A common problem we see is that patients wait too long before they seek help. By the time patients come to us for treatment, they have had problems with recurring lower back muscle pain and spasms for months or even years. The problem with this attitude is that by the time you come to see us, the problem is a lot more advanced and it will take a lot longer to get better.

If you don’t get a proper diagnosis from the start, it wastes time. If anyone treating your lower back muscle pain is not looking for the cause, they will keep on treating the incorrect thing. This is ineffective and the muscle spasms will simply return.Over time, you learn that you never know when a severe muscle spasm is going to hit you and that is scary. You start to think twice about doing the things you love like gardening or playing with your kids, because you anticipate that you’ll have pain. The longer you wait, the bigger your chances of causing permanent damage.

Trying out, but not completing different forms of treatment

Often, patients try to get relief by taking medication or getting a voltaren injection in the hopes that it will ease their pain.
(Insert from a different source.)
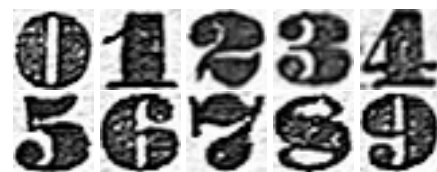
FIG. 1 – Exemples de chiffres imprimés dans une police de caractères ancienne (extraits des inventaires-sommaires des Archives Départementales de Charente Maritime).

La numérisation des collections de documents anciens représente des enjeux sociétaux et culturels certains, mais le traitement des corpus d'images ainsi constitués pose une multitude de problèmes techniques. C'est dans ce contexte que nous nous sommes intéressés aux prises de vues réalisées sur les inventaires-sommaires des Archives Départementales de Charente Maritime. Ces documents constituent un corpus d'instruments de recherche (c'est à dire des méta-documents) utiles aux archivistes puisqu'ils recensent et commentent de nombreux actes officiels (décisions de justice, actes notariés, décrets civils ou religieux, etc.) remontant jusqu'au seizième siècle. Un ensemble de 209 images capturées forment une base que nous

They also try massages, foam-rolling, cupping or stretching. However, these treatments only mask the pain and stiffness that comes with a lower back muscle spasm. You are not addressing the root of the problem by trying any of these treatments in isolation.

Wearing a brace to ‘support’ your back will also not be a good form of treatment. The brace might be giving you the stability that you feel you need, but once you take it off, you simply feel weak and sore. Wearing a brace long-term is a big problem, because you could get very dependent on it.

And then, a lot of people tend to feel that their back spasm is easing halfway through their treatment programme, so they stop. You need to address the root of the problem and get your core stability and local stabilisers stronger to handle more load. That is the best long-term solution. Patience is key. 

Resting too much or too little

Resting too much leaves you weaker than before. Moving too much causes extra spasms, inflammation or even injury to the muscle. Finding the balance between resting and doing safe movements is key!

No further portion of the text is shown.